City of Chula Vista v. Stephenshaw

Court of Appeal, Third District, California - April 14, 2023 - Cal.Rptr.3d - 2023 WL 3336400

City and successor redevelopment agency filed petition for writ of mandate and complaint for declaratory and injunctive relief seeking a writ to compel Department of Finance to recognize reimbursement agreements as enforceable obligations and approve use of property tax revenues for such items on all current and futures recognized obligation payment schedules (ROPS).

The Superior Court denied petition.

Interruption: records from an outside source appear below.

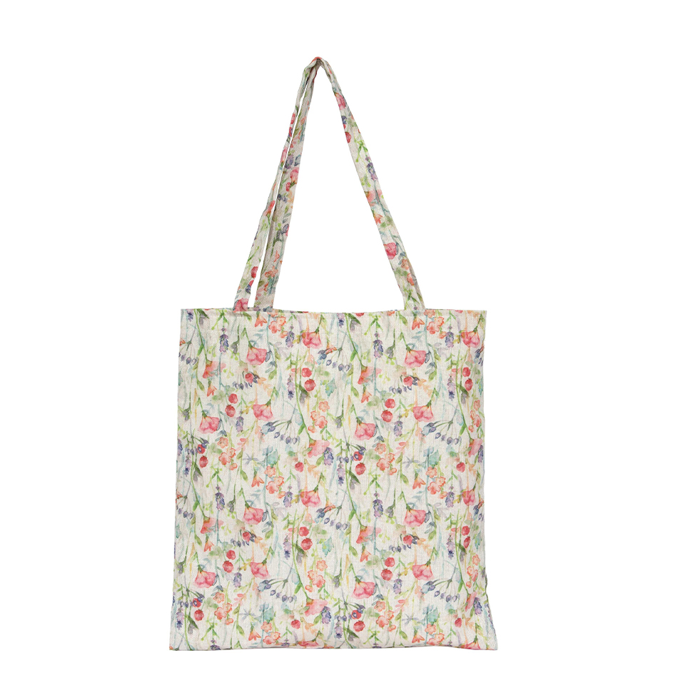 Descrizione Borsa in tessuto con manico lungo. Fondo colore panna con fiori.
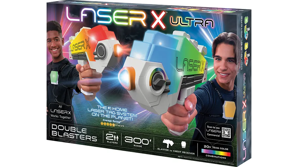 Táto sada laser tag obsahuje blaster lúče, ktoré sa od stien odrazia a môžu trafiť nepriateľa z vzdialenosti až 90 metrov. Pomocou prijímacích vest môžu deti zistiť, ktorý súper ich zasiahol.
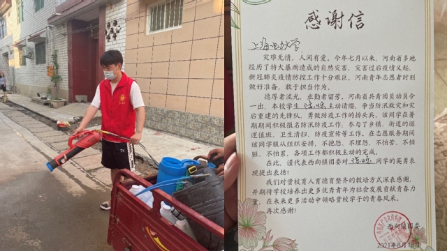 近日,356体育在线官网团委收到河南省西向镇团委寄来的感谢信,信中指出:今年七月以来,河南省多地经历了特大暴雨,地质灾害频发,灾情严重,灾难过后疫情又起,新冠肺炎疫情防控工作仍然十分艰巨。我校学子陈烁主动请缨,争当防汛救灾和灾后重建的先锋队,勇做防疫工作的排头兵。该同学在暑期期间积极报名防汛防疫工作:参与了乡镇、街道的巡逻值班、卫生清扫、防疫宣传等工作。在志愿服务期间该同学服从组织安排,不抱怨、不埋怨、不怕苦、不怕脏、不怕累,各项工作都积极主动的完成,受到了居民和社区人员的一致好评。镇团委对于我校育人育德育整齐的培养方式深表感谢,并期待我校更多优秀青年为社会发展贡献青春力量。

Plaintiffs appealed.

The Court of Appeal held that:

Under “tax increment financing method,” tax revenues available for local redevelopment agencies from land within a redevelopment area are frozen as of the date a redevelopment plan is adopted, and any tax revenues generated by an increase in property values after adoption of the plan, the tax increment, are paid to the redevelopment agency for use in financing the redevelopment project.

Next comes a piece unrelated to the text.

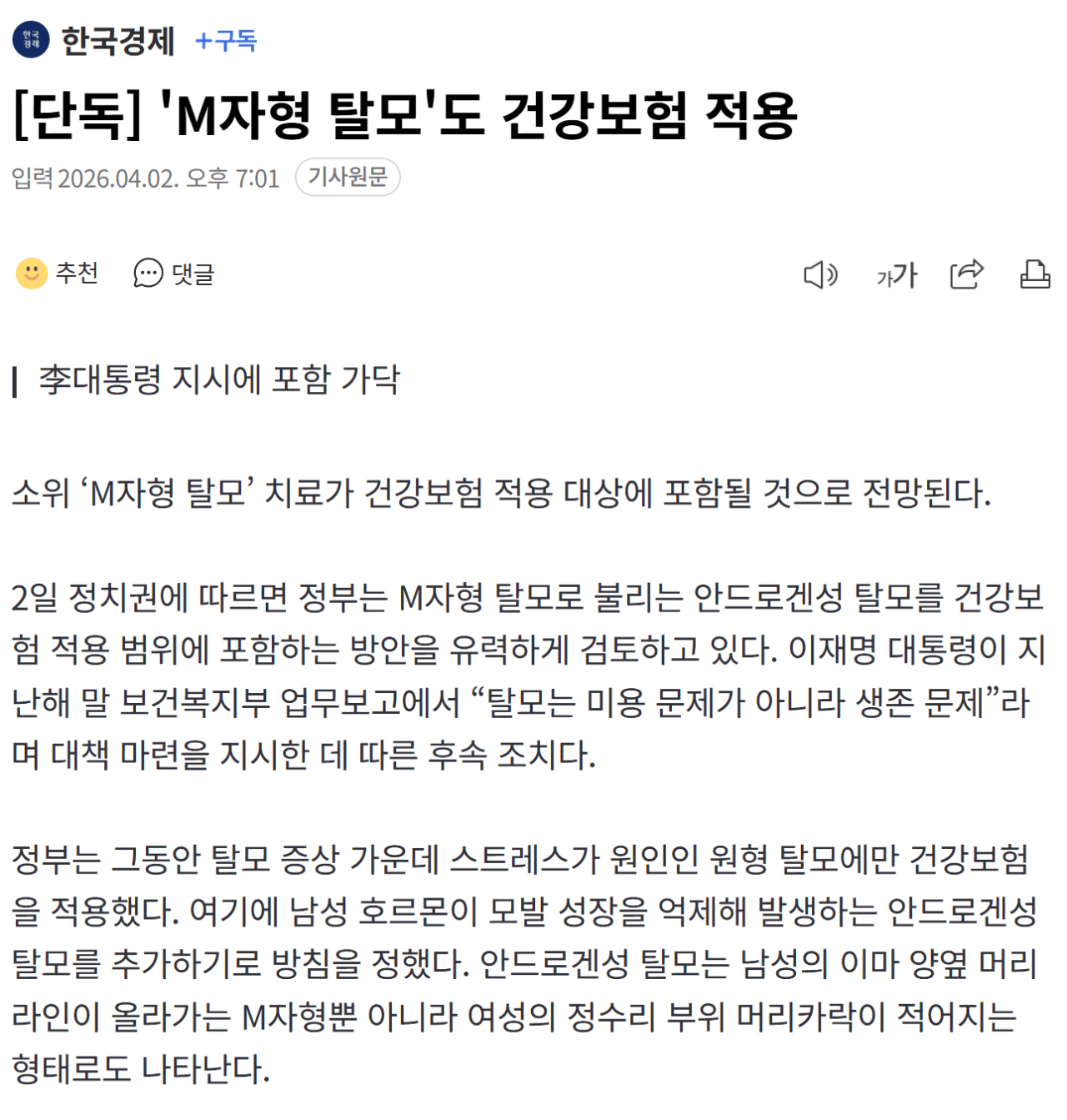 M자 탈모도 이제 건강보험 적용 대상이라네

A primary purpose of legislation to dissolve redevelopment agencies and create a process for wind down of their affairs was to eliminate tax increment financing, and redirect, to the maximum extent possible, the revenues and assets of the former redevelopment agencies to local governments to help fund core governmental services; as part of the wind down process, the law established successor agencies and empowered them to continue to make payments due for enforceable obligations.

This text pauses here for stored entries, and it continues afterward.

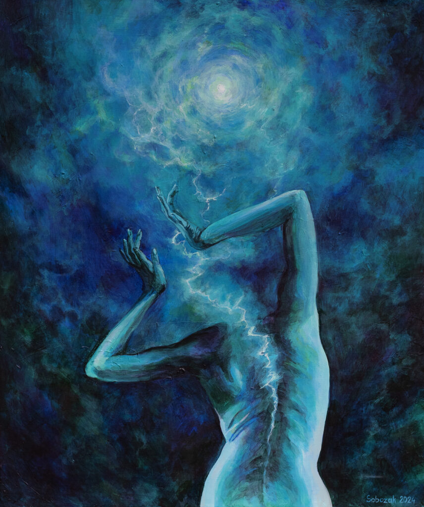 In this mesmerizing canvas, the artist invites us into an ethereal dance between corporeal form and celestial light. An azure tapestry unfolds, where deep blues and vibrant greens swirl into an almost cosmic embrace. A singular figure reaches skyward, fingers seemingly caressing the strands of energy that descend from the celestial sphere above. The composition is evocative of an electric existentialism, reminiscent of the Expressionist's emotional depth yet tempered with a touch of Surrealism's dreamlike whimsy. Light and shadow perform a delicate pas de deux, rendering an illusion of depth that draws the viewer into its hypnotic grip. Thus, the piece transcends mere imagery, becoming an exploration of humanity's perpetual quest for the divine.
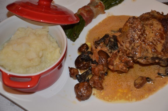 Dresser dans un plat de service, les morceaux de chapon, les marrons et nappez avec la sauce aux morilles.
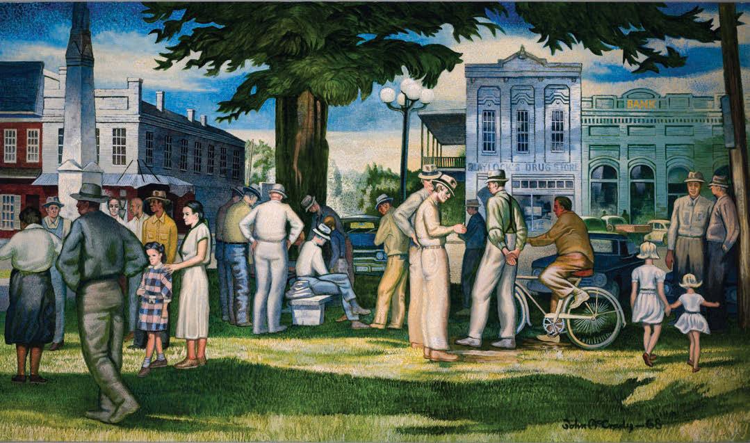 The Square depicts the patch of grass surrounding the courthouse at the center of his former home, Oxford, Mississippi. With dynamic compo sition and vivid yet serene colors, McCrady depicts a normal day in a rural southern town, with people gathering in front of the local busi nesses, a scene that is still common in Oxford today. While his subjects were often mundane, they depict the
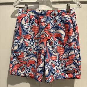 Vineyard Vines Swim Trunks Boys Large Blue Red Marlin Starfish Pattern Board Shorts

To obtain funds to make payments required by enforceable obligations, a successor redevelopment agency must periodically prepare recognized obligation payment schedules (ROPS) setting forth the minimum payment amounts for each enforceable obligation and identify one or more sources of payment, and submit the ROPS to the oversight board for approval; the Department of Finance makes its determination of the enforceable obligations and the amounts and funding sources of the enforceable obligations.

Reimbursement agreements between city and former redevelopment agency qualified as enforceable obligations under statutory exception for contemporaneous written agreements between city or county and former redevelopment agency at time of issuance of indebtedness obligations solely for purpose of securing or repaying those indebtedness obligations for purposes of recognized obligation payment schedules (ROPS), and thus Department abused its discretion in determining that agreements were not enforceable obligations; agreements were written agreements entered into at time indebtedness was incurred for purpose of securing or repaying that debt, parties expressly agreed that city would be entitled to exercise any and all remedies available pursuant to law if tax increment revenues were available but unpaid to city, and implied covenant of good faith and fair dealing required tax increment revenues be pledged to repayment of indebtedness honestly and in good faith.

There was no reimbursement agreement or amendment to an existing reimbursement agreement executed contemporaneously with debt instruments, and thus Department of Finance did not abuse its discretion in denying reimbursement of lease payments made in connection with those debt instruments as unenforceable obligations that were not required to be reimbursed to successor redevelopment agency or city for purposes of recognized obligation payment schedules (ROPS), although timing of reimbursement obligation was contingent on unpledged tax increment revenues being available; legislature did not make explicit any attempt to exclude agreements containing contingent repayment obligations, and Department failed to explain why contingency rendered repayment obligation illusory.

Department of Finance was not estopped from denying recognized obligation payment schedules (ROPS) for former redevelopment agency due to its approval of those items in prior ROPS; city and successor redevelopment agency could not show that they reasonably relied on Department’s past ROPS approvals because the relevant transactions occurred years before Department’s ROPS determinations, Department’s ROPS determination letters expressly warned that past approval of an item would not prevent Department from revisiting that item on future ROPS, and estoppel would have nullified a strong rule of public policy.